Example Data for Running exceRpt Small RNA-seq Pipeline

In this example, we have used four samples from deep sequencing experiments of barcoded small RNA cDNA libraries to profile microRNAs in
cell-free serum and plasma from human volunteers. These samples were analyzed using the exceRpt Small RNA-seq Pipeline.

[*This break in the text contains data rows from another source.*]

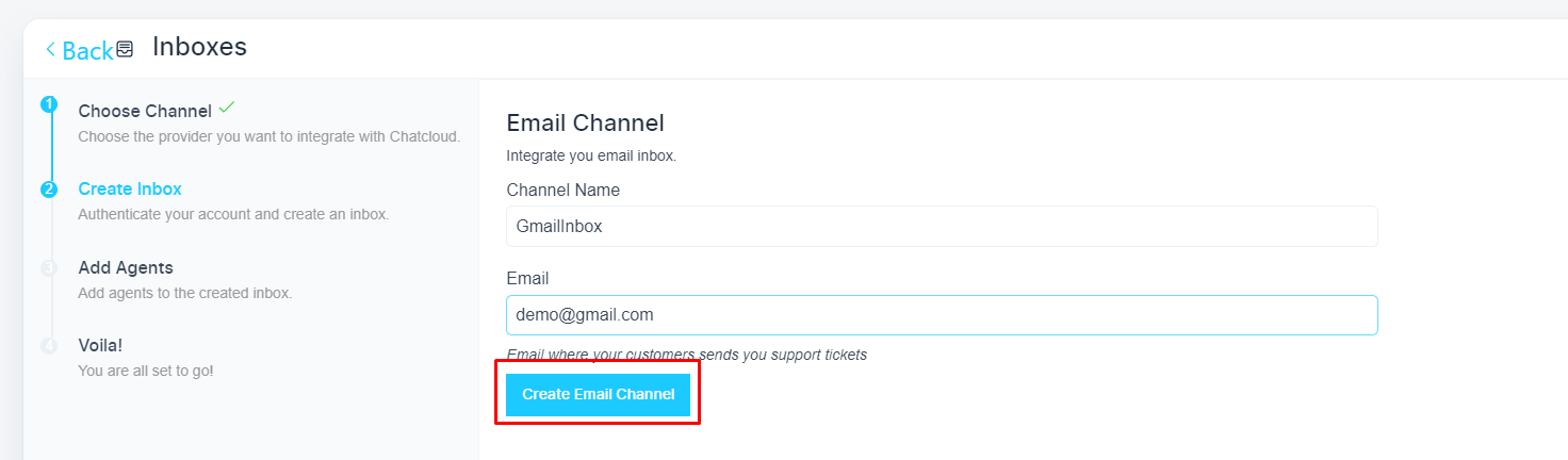 请点击“创建电子邮件频道”按钮。
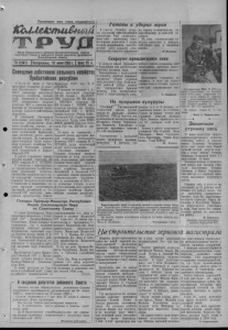 Пролетарии всех стран, соединяйтесь! KbUUeJcmuSmui Готовы к уборке трав Орган Карасукского райкома Коммунистической партии Советского Союза и районного Совета депутатов трудящихся Новосибирской области 73 (1947) | Воскресенье, 19 июня 1955 г. | Цена 15 к. Совещание работников сельского хозяйства Прибалтийских республик С 14 по 16 июня в Рпге проходило созванное по решению Центрального Комитета КПСС совещание работников сельского хозяйства Латвийской, Литовской и Эстонской ССР, посвященное задачам колхозов, МТС и совхозов Прибалтики но увеличению производства сельскохозяйственных продуктов. В совещании участвовали колхозники, работники МТС и совхозов, специалисты сельского хозяйства, ученые, руководители партийных и советских организаций Прибалтийских республик—всего свыше тысячи человек. Па совещании присутствовали также передовики сельского хозяйства Российской Федерации, Украинской, Белорусской и Карело- Финской ССР. В работе совещания принял участие первый секретарь ЦК КПСС товарищН. С. ХРУЩЕВ. С докладом о мероприятиях по организационно-хозяйственному укреплению колхозов, увеличениюпроизводствапсдачи государству сельскохозяйственных продуктов колхозами и совхозами п повышению оплаты трудодня колхозников Литовской, Латвийской и Эстонской ССР выступил заместитель председателя Совета Министров СССР тов. П. П. ЛОБАНОВ. В прениях подокладу т. Лобанова выступили секретарь ЦК КП Латвии т. КАЛНБЕР- ЗИН, секретарь ЦК КП Литвы т. СНЕЧКУС, секретарь ЦК КП Эстонии т. КЭБПН, председатель колхоза им. Ленина, Латвийской ССР, т. ОГРЕН, доярка колхоза «Рахва Выйт», Эстонской ССР, Герой Социалистического Труда Анни МПКО- МЯГИ,министр совхозов Эстонской ССР тов. МЕТТЕ и другие. 16 июня на совещании с большой речью выступил первый секретарь Центрального Комитета КПСС товарищ Н. С. ХРУЩЕВ, тепло встреченный всеми присутствующими. Участники совещания с большим подъемом принляи обращение ко всем колхозникам, колхозницам, работникам машинно-тракторных станций j и совхозов, специалистам сельского хозяйства Литовской, Латвийской и Эстонской ССР с призывом широко развернуть социалистическое соревнование за достижение в 1955 году решающих успехов в деле крутого подъема всех отраслей сельского хозяйства Прибалтийских союзных республик. (ТАСС). В совхозе «Октябрь» ведутся последние приготовления к сеноуборке. Уже скомплектовано пять тракторных сенокосильных агрегатов. С целью полной механизации сеноуборочных работ каждому сенокосильному агрегату придаются по одному стогометателю, сеноподборщику .и навесной волокуше. На днях сенокосильные агрегаты приступят к выборочнойуборке трав в низинных местах. II. Величко. Скирдуют прошлогоднее сено В колхозе имени Буденного в ближайшие дниначнется выборочная косовица трав. Одновременно с подготовкой к сенокосу, немалое внимание уделяется уборке остатков прошлогоднего сена. Этой важной работой сейчас заняты все полеводческие бригады колхоза. Уже заскирдовано более 2 тысяч центнеров сена, которое хорошо сохранило сво1 питательные качества. Ведется также скирдование прошлогодней соломы. Колхозники стремятся не оставить в поле ни одного клочка сена и соломы,.пригодного для скармливания скоту. А. Свиридов. На прорывке кукурузы Учащиеея Рассказовской семилетней школы дружно вышлина ирополку посевов 
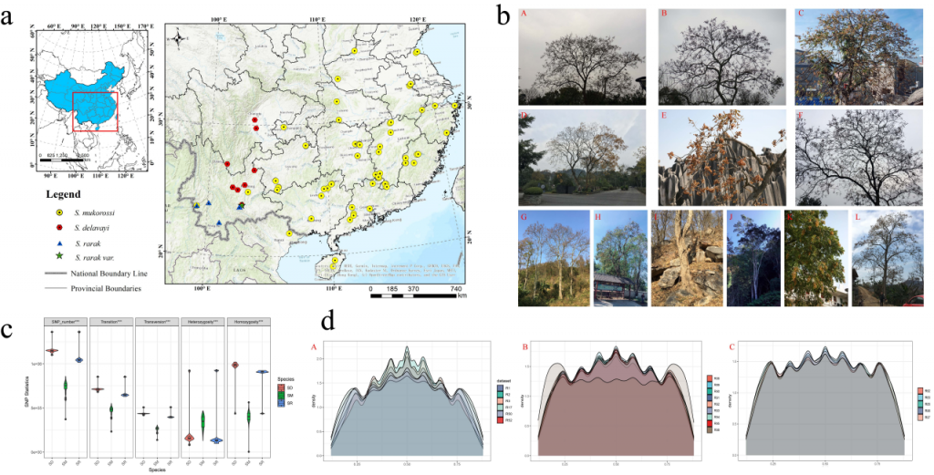 圖1?無(wú)患子屬種質(zhì)分布及單核苷酸多態(tài)性(SNP)?統(tǒng)計(jì)分析
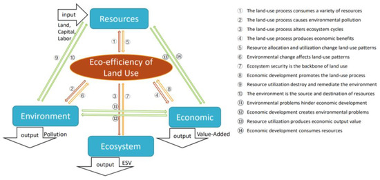 The evaluation of land-use eco-efficiency takes three basic production factors, land, capital, and labor as the input, and environmental pollution, ecosystem service value, and economic output value as the output. Focusing on the core of land-use eco-efficiency, it first expounds the impact and interaction mechanism of the land-use process on resources, environment, ecology, and economy. Secondly, the interaction between input and output factors is analyzed. Let us take the example of a city called S. In the process of the utilization of farming land, construction land, and other natural ecological land, S city in the urban agglomeration invests labor resources and capital, and finally produces ecosystem service value and economic output value, accompanied by certain environmental pollution. The environmental pollution caused by the process changes the land-use pattern, limiting economic development and industrial upgrading.
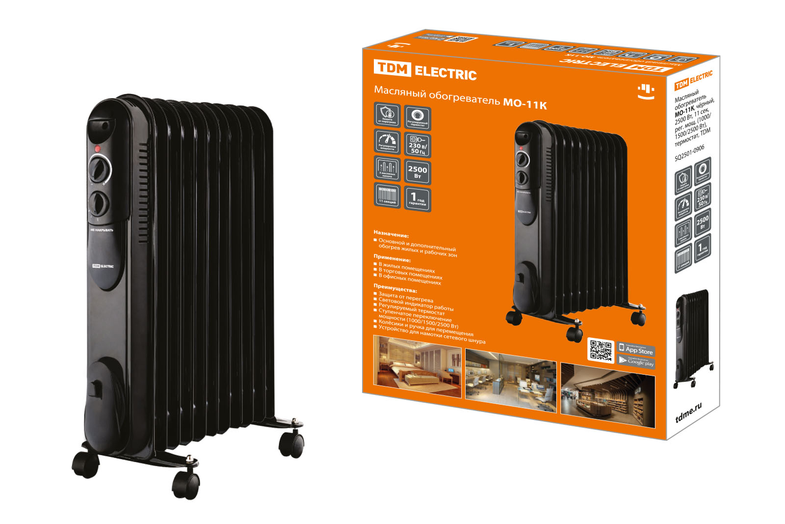 Наименование: Масляный обогреватель МО-11К, чёрный, 2500 Вт, 11 сек, рег. мощ. (1000/1500/2500 Вт), термостат, TDM
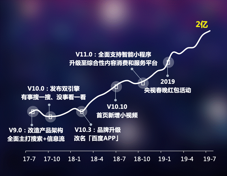 Questmobile上半年報告顯示,今年二季度中國移動互聯網活躍用戶首次下降近200萬,超級App之間的競爭更加激烈。但百度App借助一系列組合拳逆勢實現了2億大關的加速通過。公開數據顯示,今年春節以來,百度App日活半年多增長了近4000萬,春晚效應持續釋放。
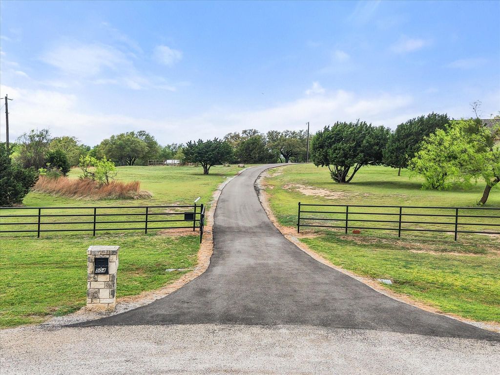 Discover this exquisite home where comfort meets style. Tucked away at the end of a cul-de-sac in a serene neighborhood, this home is perfect for those seeking tranquility. With its striking Austin Stone facade, this residence offers an enchanting appeal that continues throughout the property. Step inside to find a meticulously designed interior, boasting an open-concept living area with vaulted ceilings, expansive windows showcasing sweeping views and allows natural light throughout the home. The spacious living room serves as the heart of the home featuring a dramatic see-through stone fireplace that anchors both the living and dining area providing a cozy atmosphere ideal for relaxation and entertainment. The chef-inspired kitchen offers stylish countertops, a double oven and custom cabinetry. The primary suite feels like a private retreat, complete with a spacious walk-in closet and a stunning en-suite bath featuring dual vanities, a relaxing soaking tub, and a separate shower. A dedicated media room provides the perfect space for movie nights and entertaining, while a downstairs storm safe room with tornado straps adds an extra layer of security and peace of mind.Outside, your resort-style backyard is ready for both entertaining and everyday relaxation, offering a sparkling gunite pool with spa, a large covered patio, a gym*pool house*guest room, plus a storage room and workshop. Ample extra parking and an expansive driveway complete the setup. Enjoy five beautiful acres with mature trees—including a remarkable 200-year-old oak—along with frequent visits from deer and turkey. The property also includes a chicken coop, garden area, and full fencing throughout. Built with quality craftsmanship and thoughtful design, this exceptional home delivers the best of country living with stylish interiors and unforgettable outdoor amenities—well below current appraised value and ready to welcome its next owner.
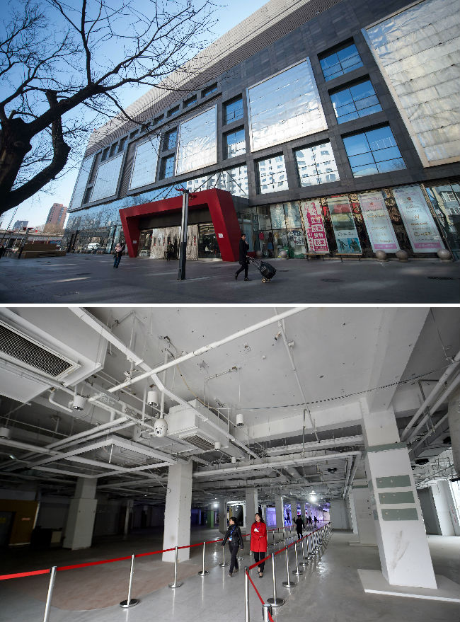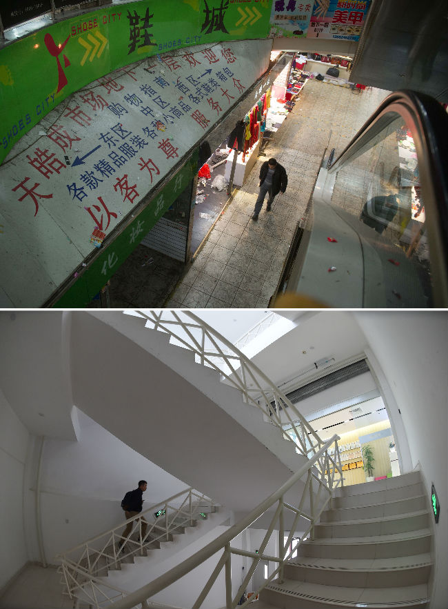 ↑拼版照片的上图:一名男子行走在空荡的天皓成服装批发市场地下一层(2015年1月12日摄);下图是已转型为宝蓝金融创新中心的第一个完成疏解的天皓成服装批发市场(4月3日摄)

The sample input FASTQ files and output results and plots can be found here:

  • Under the group Examples and Test Data, select the Database exceRpt small RNA-seq Pipeline - Example Data.
  • The compressed input files can be found in the archive: Files » placental_serum_plasma_SRA_Study_SRP018255_4_samples.tar.gz.
    • These same compressed input files can be found unarchived in the following folder: Files » Placental smallRNAs SRA SRP018255 4-samples.
  • Pipeline results can be found under the Files » exceRptPipeline_v4.6.2 » Circulating microRNAs from serum plasma - Study SRP18255 folder.
    • Each sample has its own dedicated folder (sample_C1_non_pregnant1_SRR822433_fastq, sample_C3_non_pregnant3_SRR822434_fastq, etc.).
  • Core result files for a given sample can found in its CORE_RESULTS folder.
  • Post-processing plots and results for all samples can be found in the postProcessedResults_v4.6.3 folder (under the Circulating microRNAs from serum plasma - Study SRP18255 folder).

exceRpt Small RNA-seq Pipeline Workflow (Implemented in the Genboree Workbench)

The exceRpt Small RNA-seq Pipeline is for the processing and analysis of RNA-seq data generated to profile small-exRNAs.
The pipeline is highly modular, allowing the user to define the libraries containing smallRNA sequences that are used
during RNA-seq read-mapping, including an option to provide a library of spike-in sequences to allow absolute quantitation
of small-RNA molecules. It also performs automatic detection and removal of 3' adapter sequences.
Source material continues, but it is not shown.